A Court of Appeal judgment clarifies how insurers should interpret 'condoning' dishonesty and 'similarity' in claim aggregation under solicitors' PI policies.

Condoning dishonesty and considering aggregation in Axis Specialty Europe SE v Discovery Land Company
Edesia Law27 February 2024

Professional indemnity policies for firms of solicitors authorised by the SRA must reflect the Minimum Terms and Conditions ("MTCs"). Case law interpreting the MTCs remains scarce, as disputes typically resolve through arbitration. Axis Specialty Europe SE v Discovery Land Company LLC & Ors [2024] EWCA Civ 7 provides valuable clarification on coverage for claims involving dishonesty and claim aggregation.

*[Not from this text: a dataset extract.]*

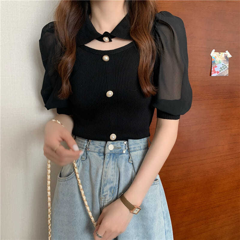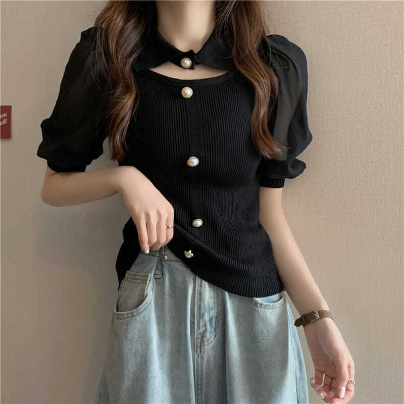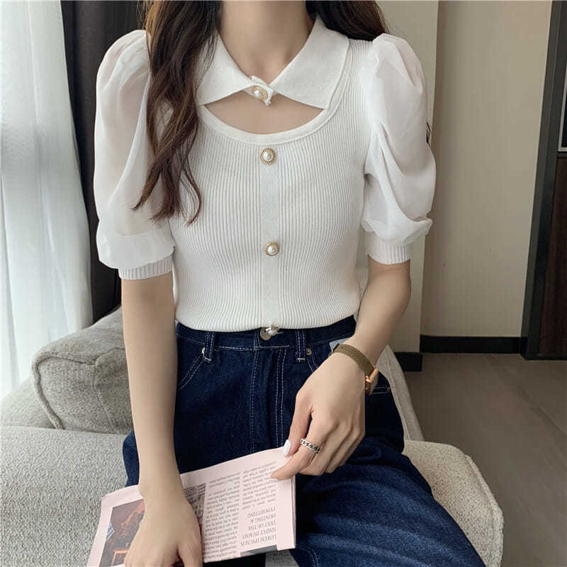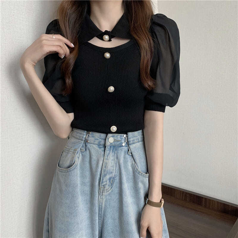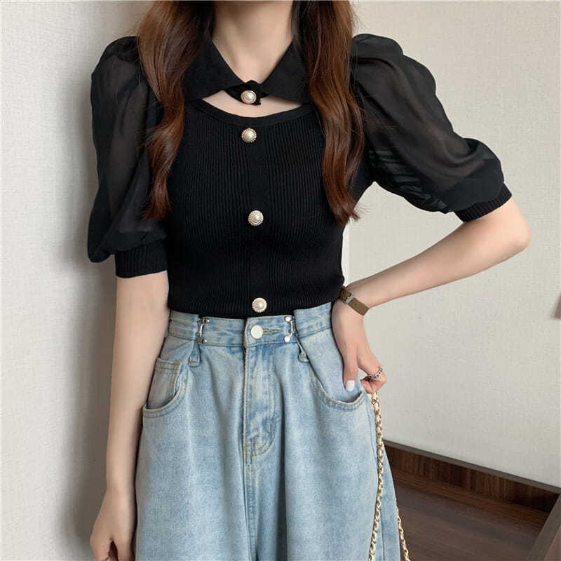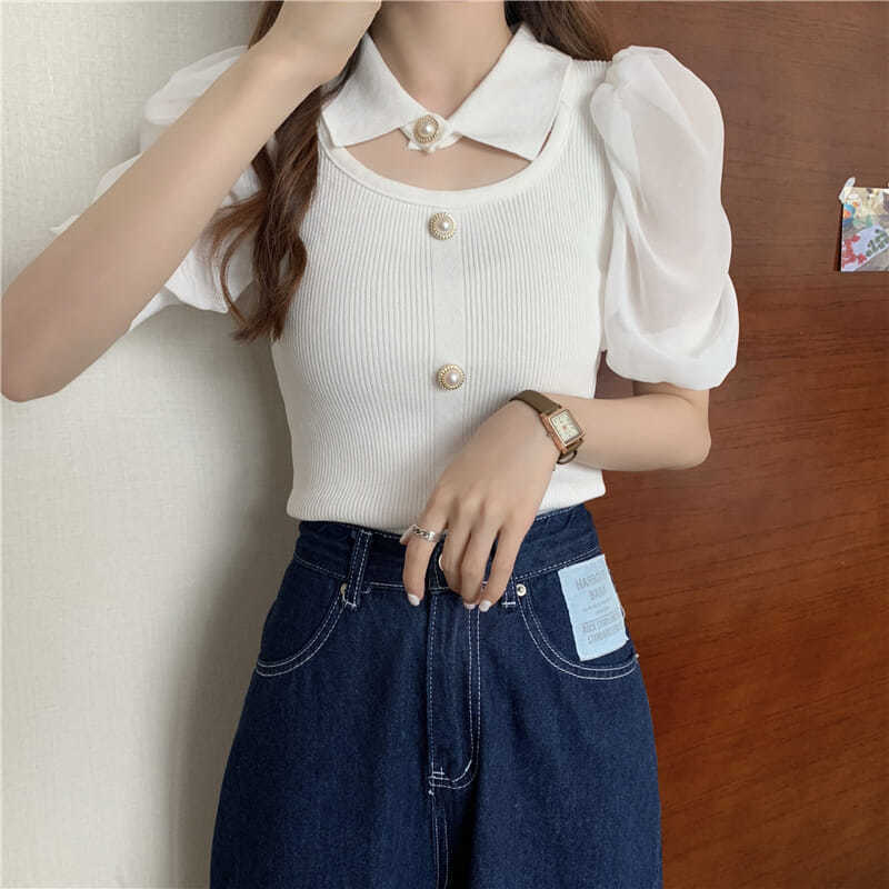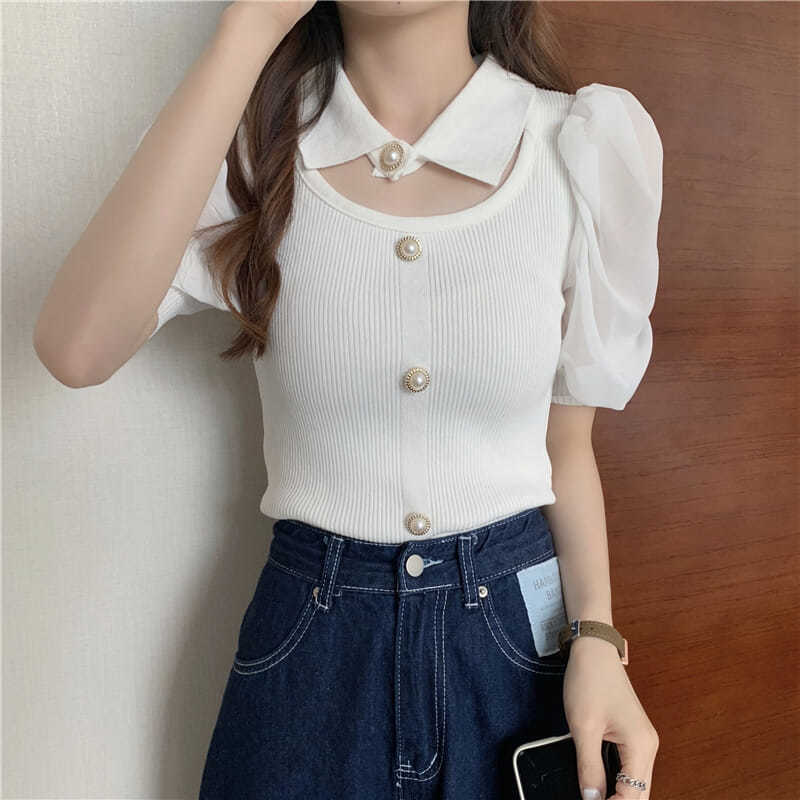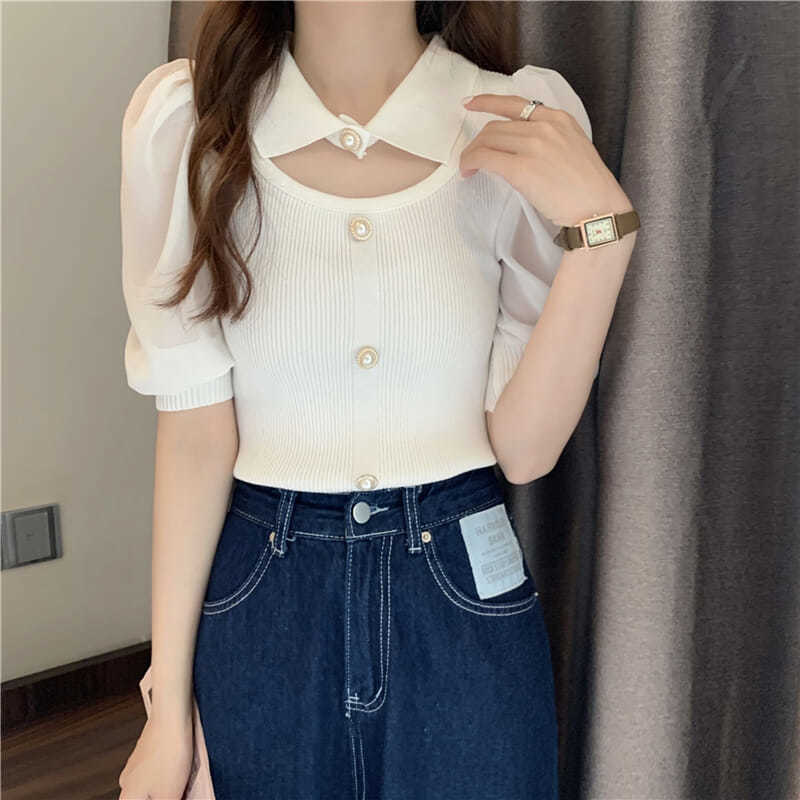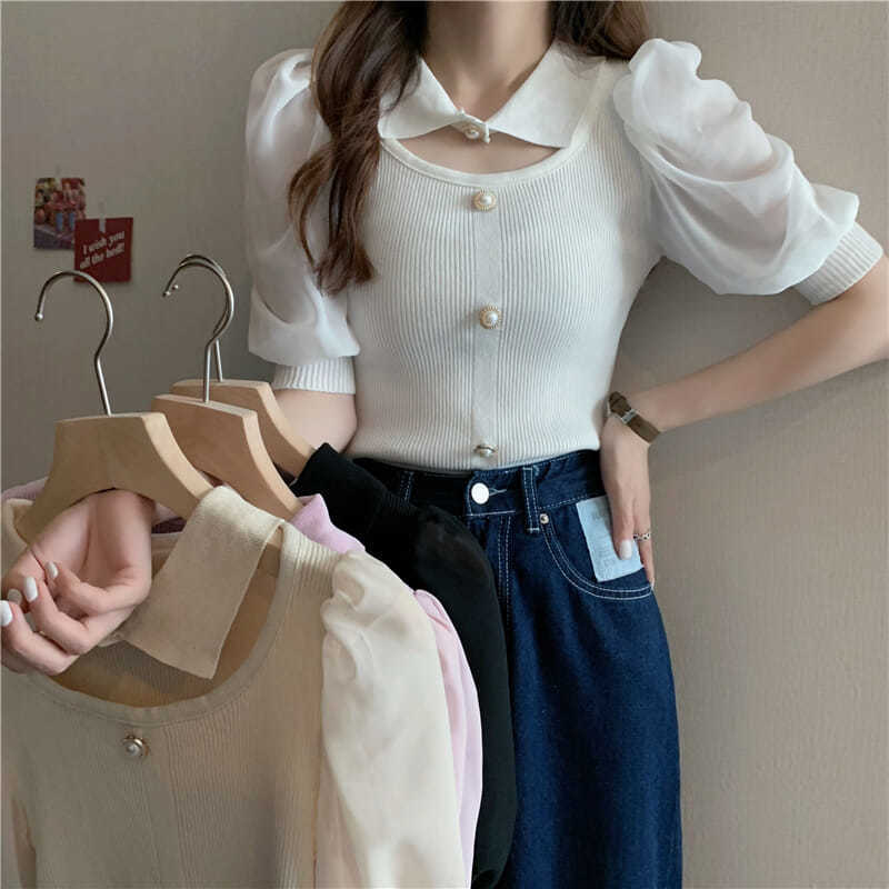 2023 새로운 다목적 달콤한 퍼프 슬리브 디자인 슬림 니트 반팔 여성 여름 얇은 짧은 스웨터 탑스토어 가기
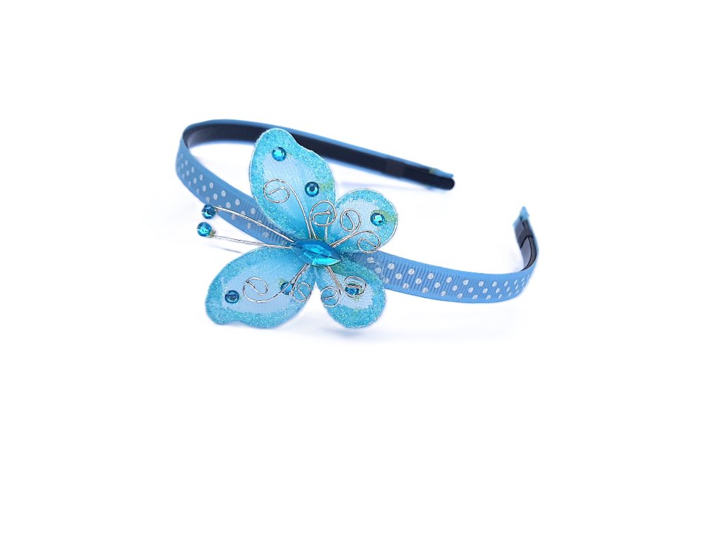 Čelenka světle modré barvy s motýlem ve stejné barvě se hodí jak pro velké, tak i pro malé slečny. Kvalitní rypsová stuha je modré barvy s bílými puntíky. Motýlek má velikost 5 cm a je vyroben z organzy. Designový pásek je lehce magnetický, aby krásně přilnul k čelenkovému základu, který k tomuto motýlkovém designu potřebujete. Tento základ si můžete taktéž koupit zde: /celenkovy-zaklad/

The MTCs allow insurers to exclude liability to indemnify a person to the extent that civil liability or defence costs arise from dishonesty or a fraudulent act or omission "committed or condoned by that person", subject to important exceptions protecting innocent insureds. The Axis appeal examined what constitutes "condoning" dishonest conduct, in a case involving two partners, one of whom had misappropriated client funds.

The Court held that "condone" conveys "acceptance or approval" and does not require an overt act — condoning frequently occurs silently through conduct. What must be condoned is "the dishonest behaviour which formed an essential part of the chain of events which led to the claim". Condoning requires some knowledge or awareness of the behaviour, which can develop after the event, and those with a duty to act on discovering such behaviour are more likely to be found to have condoned it through inaction.

On aggregation, the Court applied AIG v Woodman [2017] UKSC 18. The MTC clause allows claims to be treated as one where they arise from similar acts or omissions in a series of related matters or transactions. The Court focused on what makes acts "similar", holding that substantial or real similarity must exist, assessed by examining the substance of each claim rather than by any formulaic test.

In Axis, although both claims involved misappropriation of client money from closely connected entities, the Court found insufficient similarity: one involved straightforward misappropriation of funds transferred for a specific purpose, the other arranging an unapproved loan and misappropriating its proceeds. Nor were the acts part of an interconnected series. The claims therefore did not aggregate.

The decision confirms that condonation and aggregation both require careful, fact-sensitive, case-by-case analysis — there is no simple binary test — but provides welcome additional guidance for those evaluating coverage.